Ma tranquilli, non si deve legalizzare, ma solo "apporre una postilla" (= semplicemente un altro tipo di timbro, ma si capisce solo alcuni paragrafi più tardi) in caso il paese rilasciante abbia firmato la mitica "Convenzione dell'Aia del 5 ottobre 1961". 
Ottimo, penso io. La convenzione dell'Aia, l'avrà firmata l'Olanda, no?
Almeno questa sì, l'ha firmata, ma non avendo firmato la Convenzione Europea di Bruxelles del 1965, tutta la procedura è comunque a pagamento.
Resto basita.
La dichiarazione di valore, invece, è "comodamente" rilasciata dall'ambasciata italiana in Olanda.

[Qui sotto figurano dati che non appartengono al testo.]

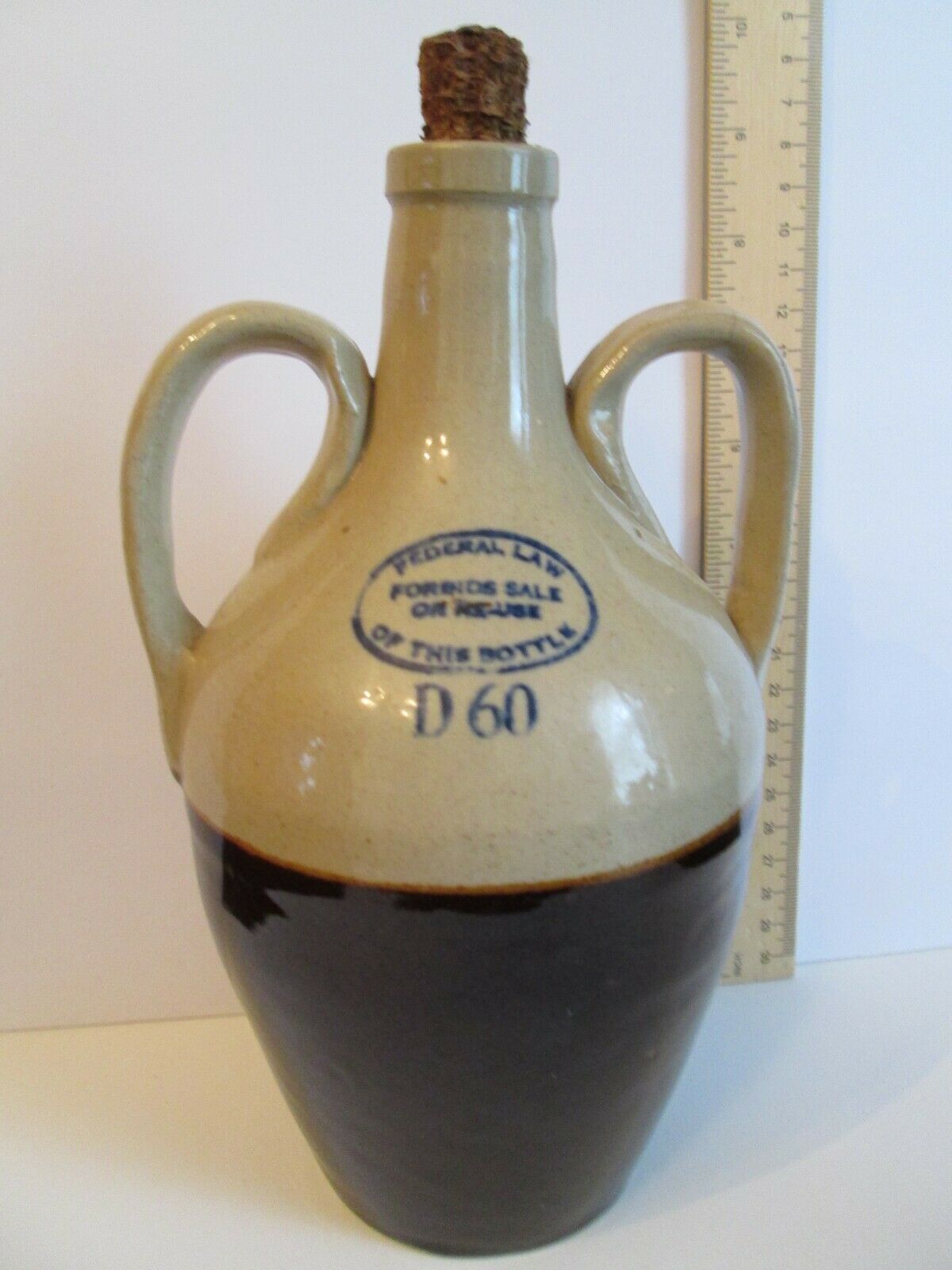 VINTAGE 2 HANDLE D60 WHISKEY JUG WITH CORN COB STOPPER
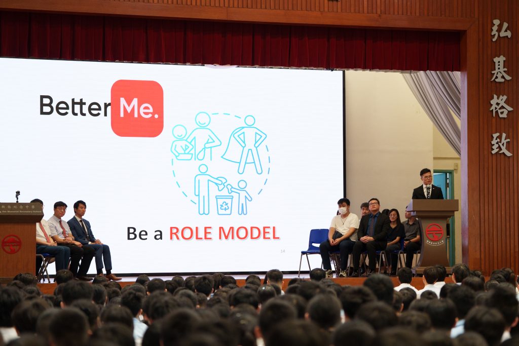 王偉豪校長於典禮中介紹了新加入的教職員,並勉勵全體同學須以「Be a ROLE MODEL」為座右銘,努力裝備自己。他特別提出六項期望,包括信靠神、打好語文基礎、善用時間、勇敢追夢與迎接挑戰、積極學習與參與,以及主動尋求幫助與保持正面態度,為同學在新學年定下明確的方向。

Sempre facilissima da ottenere, per chi come me abita in un terzo paese.

- copia autentica tradotta e legalizzata, con allegata dichiarazione di valore, del piano degli studi compiuti, esami superati e relativa votazione; tale certificazione deve essere rilasciata dall'Università.

Mi fa piacere, ma non so se si sono accorti che non in tutti i paesi, anzi, nella stragrande maggioranza dei paesi, europei e non, durante il dottorato NON si fanno esami, NON si ha un piano di studi, ma si fa SOLO ricerca.
E a volte, udite udite, non c'è nemmeno un'Università di mezzo, ma solo un istituto di ricerca.
Idem come sopra, poi, per traduzioni e legalizzazioni. 

Ecco. 
Come potete ben immaginare, la domanda per quel posto non sono riuscita a farla, e, come me, immagino molti altri, che ormai vivono altrove, scappando di contratto in contratto da un paese all'altro.
Penso ai vantaggi dell'Europa, che almeno - almeno - avrebbe dovuto facilitare questo tipo di cose.
Penso al mio portafoglio grande e pesante, perché qui in Svizzera, fuori dall'Europa, devo portarmi in giro un vistoso permesso di soggiorno.
Ma l'equipollenza del mio dottorato non me l'ha chiesta nessuno, e si rivolgono a me come "dottoressa".

E allora oggi, purtroppo, preferisco la mia borsetta un po' più pesante all'equipollenza, nonostante il suo suono melodioso e un po' fiabesco.